Де Пейн кивнул и стал перебирать другие находки: псалтырь в черном кожаном переплете, с пожелтевшими страницами, испещренными непонятными символами и магическими формулами, причудливо изогнутый крест, старинный нож из обсидиана, маленькие резные статуэтки крылатых зверей, похожих на драконов, покрытые затейливой резьбой амулеты. С него было довольно этого.

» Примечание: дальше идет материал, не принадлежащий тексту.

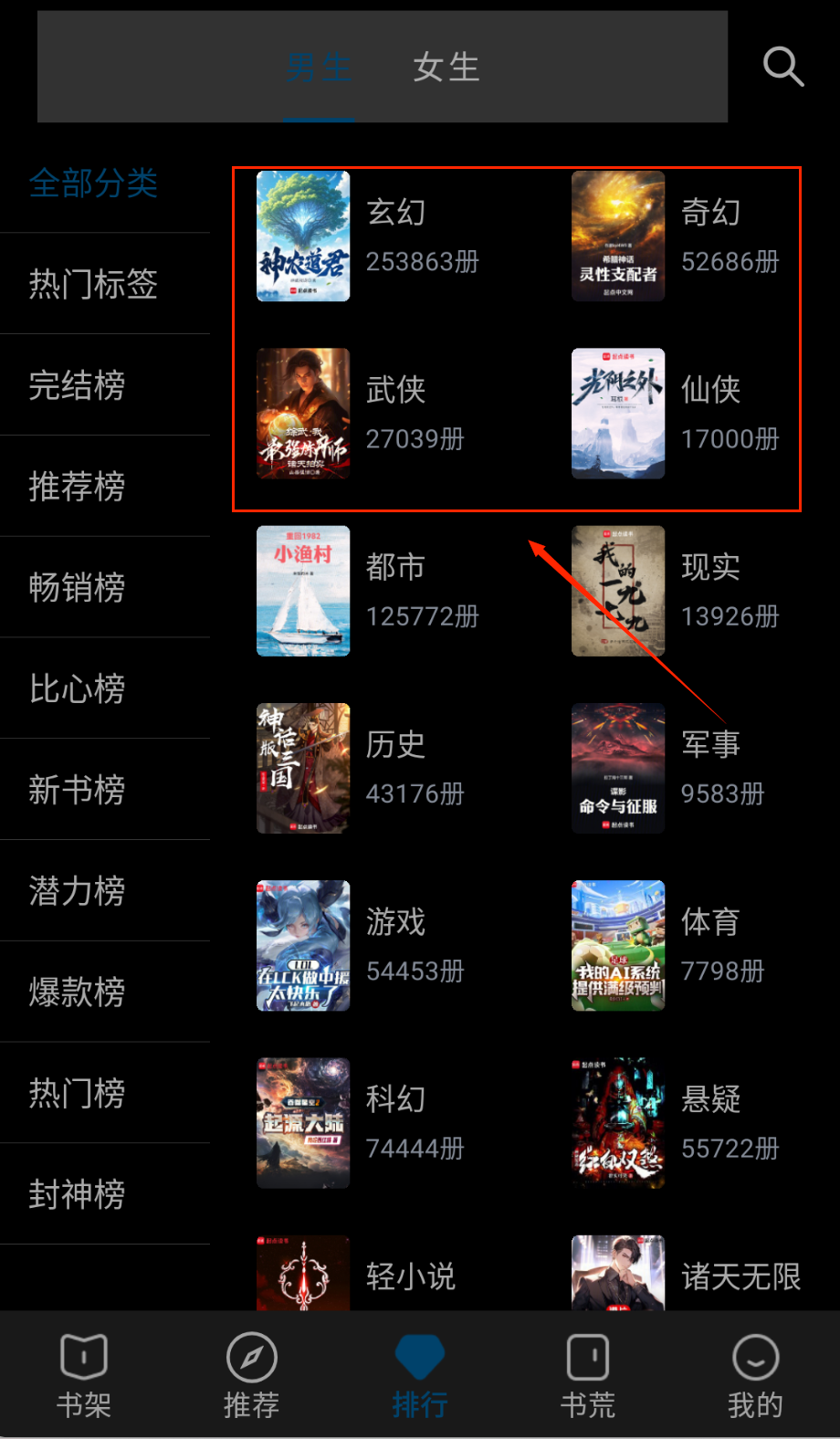 2、近百种分类、上千种标签、权威小说榜,想要看什么小说,很容易就能够寻找你。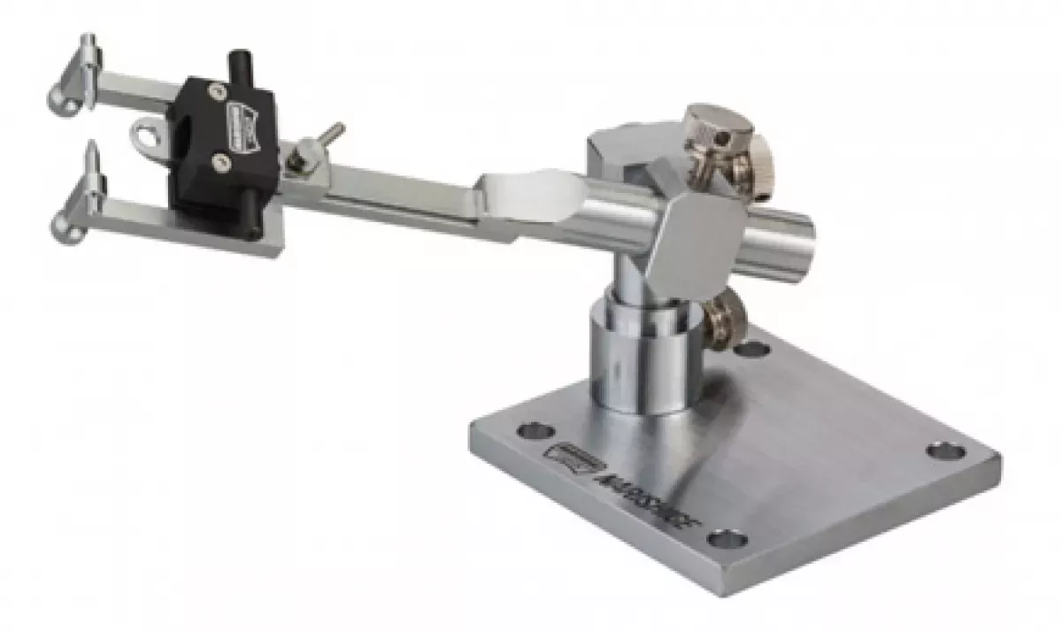 Le SGM-4 est un porte-tête conçu pour immobiliser la tête d’une souris de manière stable pendant l’anesthésie. Sa fixation en trois points, au niveau de la bouche, du nez et des oreilles, assure une stabilité optimale. La tourelle amovible permet l’utilisation d’un masque anesthésique, et le porte-tête peut être attaché à une barre de maintien pour ajuster l’angle jusqu’à 360°. Sa conception compacte le rend compatible avec une platine de microscope et permet une grande polyvalence d’utilisation. Le porte-tête est fourni sans accessoires tels que le masque anesthésique ou le mécanisme de réglage de l’inclinaison.

— Не сомневаюсь, — прошептал Гастанг, — что мои ребята придержали немного золотишка для себя.
— Они его заслужили, — ответил де Пейн. — Везите арестованных в Лондон, господин коронер. Сокровища вручите тому, кто станет новым магистром. Скажите, что это дар, взятый как вергельд. И велите отслужить мессы по жертвам злодеев.
— А ты куда? — спросил его Парменио.
Де Пейн пропустил вопрос мимо ушей, подобрал свой меч.
— Расположитесь где-нибудь в трактире — хотя бы в том, который мы проезжали по пути в долину. Расплатитесь чем-нибудь из этих сокровищ, ни в чём себе не отказывайте, ешьте и пейте в свое удовольствие и ждите: я вас догоню.
— Когда?
— Когда получится. Я останусь здесь и буду сторожить, пока Беррингтоны не умрут.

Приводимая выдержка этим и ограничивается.